Avitus nacque in un villaggio senza nome dei Carpazi, nella notte di Natale dell’anno 1000. Morì 6 giorni
dopo, alle prime luci dell’alba del 1001.
Il Freddo sterminò la sua famiglia, nutrendosi del loro sangue. Dopo aver spolpato i genitori, due fratelli e
tre sorelle, il Freddo era sazio. Ma il sangue d’infante è particolarmente dolce, succulento. Il Freddo sollevò
Avitus dal pagliericcio in cui piangeva e anziché aprirgli la gola, gli morse il collo bevendo poche gocce di
sangue.
Il bambino morì, poiché il morso di un vampiro uccide. La quantità di sangue risucchiato, invece, non era
tale da trasformarlo in una progenie vampirica — un non morto in perenne ricerca di sangue.
No, il bambino sarebbe dovuto morire, semplicemente.
Il Freddo lo prese, dispiegò le ali e tornò alla sua tana. Aveva appena generato il suo primo figlio.

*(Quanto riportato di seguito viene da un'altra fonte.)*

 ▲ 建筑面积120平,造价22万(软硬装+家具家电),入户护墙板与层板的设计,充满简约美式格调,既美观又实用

Miðiras era un vampiro giovanissimo. Era un mezzelfo, in origine. In 20 anni di vita aveva conosciuto solo
l’istinto, la fame e la sete. Il Freddo gli spiegò la sua natura, il suo essere creatura oscura, il suo appartenere
alla notte.
Quella regione dei Carpazi potevano sostenere un solo vampiro con il corpo di un umanoide adulto. Miðiras
non era ancora abbastanza forte, saggio e potente per poter sopraffare il suo creatore. Il primo giorno
dell’anno del Signore 1021 volò a ovest, verso le zone civilizzate. Lì, scoprì l’esistenza delle casate nobiliari
vampiriche, in Transilvania. Venne accolto, ricevette un’istruzione. D’altronde era l’unico discendente di un
Freddo, un vampiro antico. Assunse un nuovo nome, più moderno.

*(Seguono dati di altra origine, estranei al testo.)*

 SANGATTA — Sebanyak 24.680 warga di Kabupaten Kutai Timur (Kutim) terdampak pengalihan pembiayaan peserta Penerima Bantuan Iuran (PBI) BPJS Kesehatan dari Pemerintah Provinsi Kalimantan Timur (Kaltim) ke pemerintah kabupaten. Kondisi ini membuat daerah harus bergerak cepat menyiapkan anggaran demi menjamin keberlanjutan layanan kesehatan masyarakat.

Ilyathad lasciò la Transilvania nel 1040 per fondare la sua casata. Viaggiò ancora verso ovest, fino ad arrivare
in Bohemia.
Nonostante l’istruzione – culturale e magica – ricevuta, Ilyathad era inesperto. La seconda parte della sua
breve vita trascorse nella sicura Transilvania, dove non c’erano pericoli per i vampiri. Ma ad ovest iniziavano
le grandi foreste del centro europa, quelle che ai tempi dell’impero romano erano popolate dai barbari. In
quelle foreste nacquero i licantropi.
Ilyathad alloggiava in una locanda nel villaggio di Skryje, ad ovest di Praga. Stava decidendo le sorti della
fanciulla svenuta nella sua camera — la figlia del locandiere, per la precisione. Sorseggiava il suo syrah
rosso sangue, del quale si era portato diversi otri dalle terre transilvaniche, mentre immaginava le delizie
dell’altro rosso sangue che attendeva sul suo letto. All’ultimo sorso, prese la candela che illuminava
fiocamente il suo tavolo e si diresse verso le scale.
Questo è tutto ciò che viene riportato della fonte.